The indifference can make it seem like Rio+20 was a waste, but some argue this reflects a misunderstanding of what these conferences have become: vast networking sessions where those pursuing sustainable development exchange ideas and contacts, present their achievements (and if they’re honest, their failures), and commit to exciting new projects for the future.

“This conference is like the Internet come alive,” enthuses the NRDC’s Scherr. “Hundreds of non-globally negotiated voluntary commitments are going to come out of Rio – a veritable cloud of commitments.” The secretary-general Sha Zukang announced that governments, businesses, NGOs and inter-governmental agencies have made registered commitments totaling $513 billion toward advancing sustainable development – a number that deserves closer scrutiny, but on the surface at least looks impressive.

The side events, in other words, have now become the main event.

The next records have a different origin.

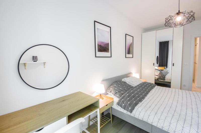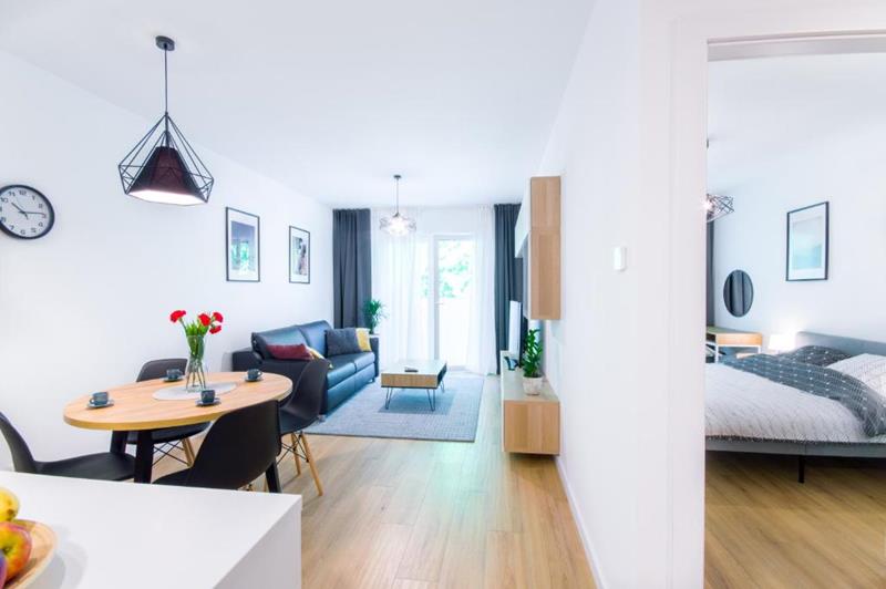 - 2 pokoje (1 sypialnia, 1 salon, łazienka)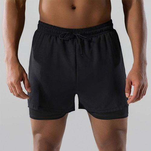 남성용 러닝 반바지 2 in 1 이중 레이어 스포츠 반바지 운동복 헬스 피트니스 숏팬츠 트레이닝 조깅 바지 남성 의류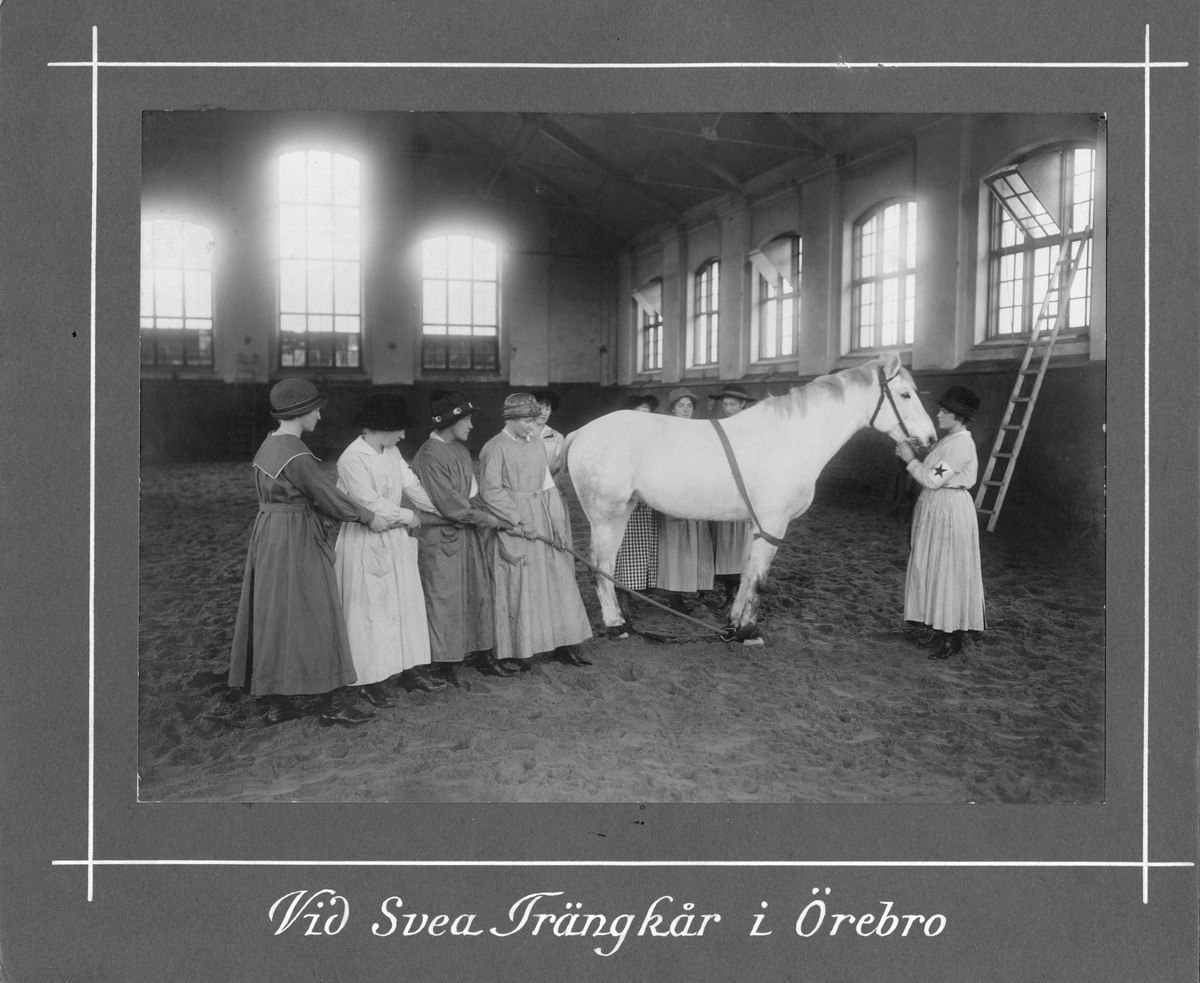 Svea Trängkår T 1 i Örebro, en grupp kvinnor med häst i ridhus.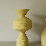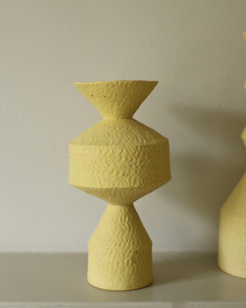 Kiho constructs strictly geometric vessels and tableware by coiling and pinching, slowly building up each piece. Kiho’s ceramics are inspired by memory, architecture and everyday objects. They are both fully functional and aesthetic, created with the user in mind and with the aim of purity. Kiho refrains from adding unnecessary adornments to his pieces to allow the user to experience the texture of the clay, which varies widely due to his practice of mixing clays collected in Germany’s volcanic valleys. This is enhanced by the unglazed matte exteriors combined with transparent glazed interiors, which emphasizes the pure and structural elements of the work.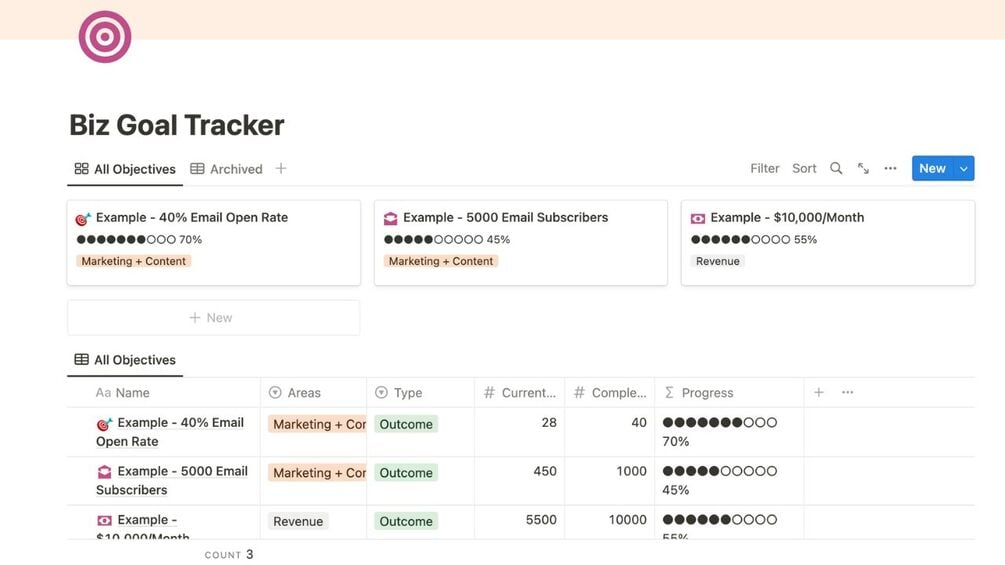 - A Business Objectives Tracker to help see your goal progress at a glance.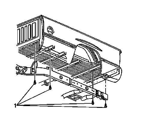 2. Loosely install the pickup box fasteners (1) to the frame rails and tighten the bolts to 85 Nm (63 lb ft).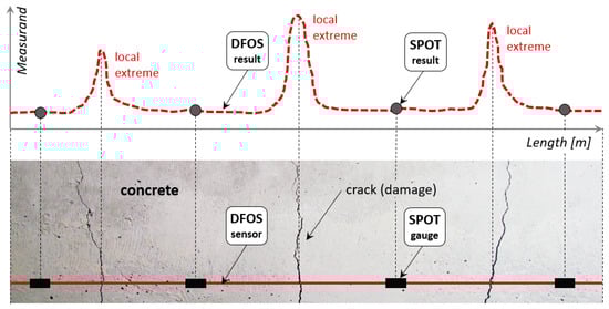 The solution to this problem is proposed by distributed fibre optic sensing (DFOS), which, in contrast to spot gauges, allows the measurements to be performed continuously over the structural length (Figure 1). Therefore, there is no way to omit any extreme values, so one of the main goals of structural health monitoring—direct damage detection and its size estimation—can finally be fulfilled.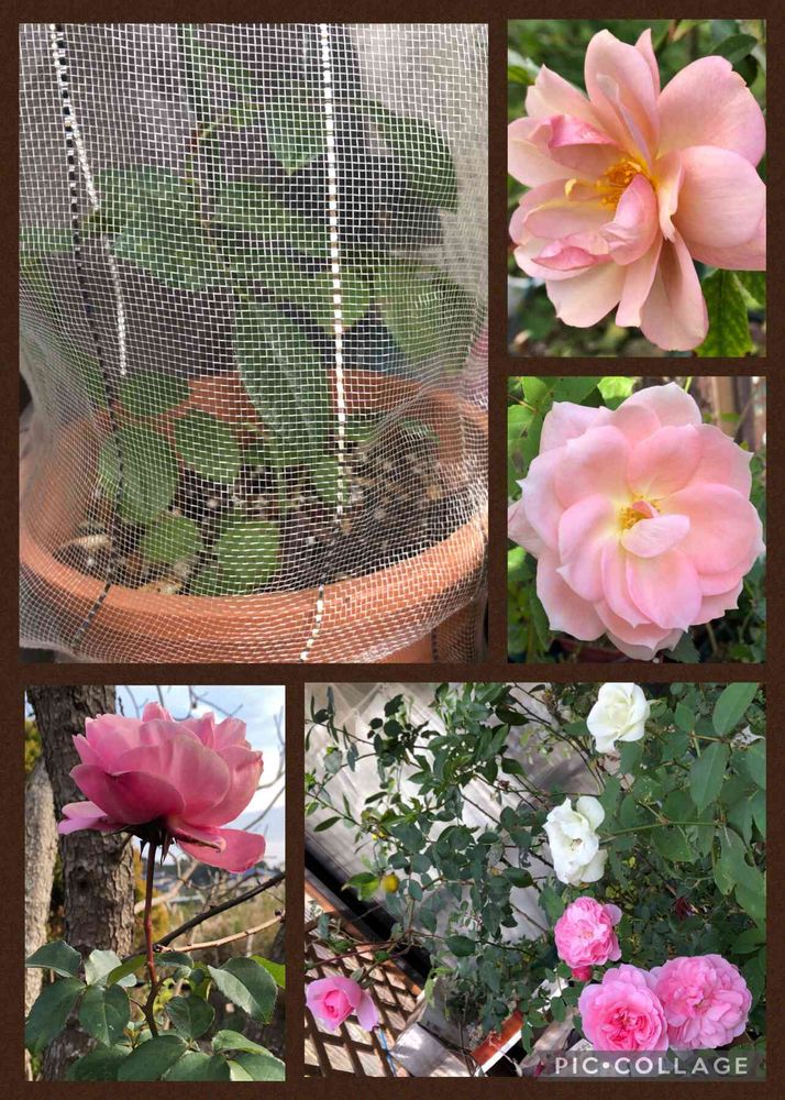 ↖️は剪定枝を水に浸けといたら根が出ていたので、鉢上げしたもの…防虫ネットでくるんでみたら、綺麗な葉が沢山着いてます😃🌿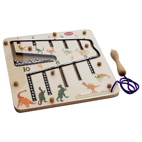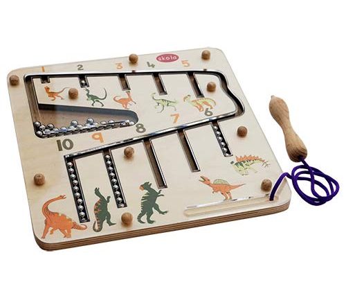 Skola Dino Number Maze: Children find the concept of a magnetic pen to be quite exciting and interesting as they use it to guide the balls through the maze. They learn how each number is related to a certain amount by providing the hungry dinosaurs with the appropriate number of balls to feed them. Children also like differentiating the dinosaurs on the board, which makes this toy the ideal blend of entertainment and education.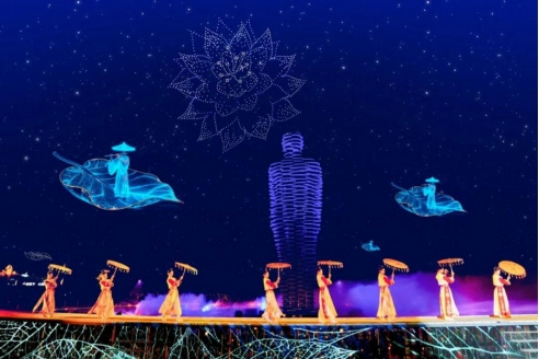 Light show featuring 2,000 drones is presented at Nianhuawan Bay. [Photo provided to chinadaily.com.cn]

You can get a sense of all the exciting activity bubbling up from the business sector, the NGOs, and the grass-roots groups by checking out some of the stories posted by the 30 journalists from 20 countries that EJN and O Eco brought to the Summit, or by following the twitter hashtag #Rioplus20. The biggest splash came from UN Secretary-General Ban Ki-Moon’s Sustainable Energy for All campaign, which aims to improve energy access and efficiency, and has drawn tens of billions of dollars in commitments.

Perhaps the most intriguing element of the final agreement refers to the creation of Sustainable Development Goals (SDGs), which build off the Millennium Development Goals (MDGs) agreed to 10 years ago in Johannesburg. The latter focused on alleviating poverty, hunger, and disease. The new goals would take closer aim at environmental problems and apply to all countries, not just developing ones.

“We tried the treaty route, the international law route, and that turned out to be difficult, cumbersome and overly legalistic,” says Sachs, director of Columbia University’s Earth Institute. “Non-binding but inspiring goals can be effective. The MDGs are non-binding, but they’ve captured the public imagination [in developing countries]. I’m hoping the SDGs can do the same. A concise, well-thought-out set of SDGs could inspire a generation of action, and we need the inspiration.”

While the summit agreement supports the concept of SDGs, however, there have been no formal discussions of their substance. That will be left up to the UN General Assembly, with the aim of adopting specific goals by 2013 to be implemented starting in 2015.

“Time will tell whether there’s an important legacy [to this conference],” says Sachs. “If the SDGs become like the MDGs then it will be a success.”

James Fahn is the executive director of Internews’s Earth Journalism Network and the author of A Land on Fire.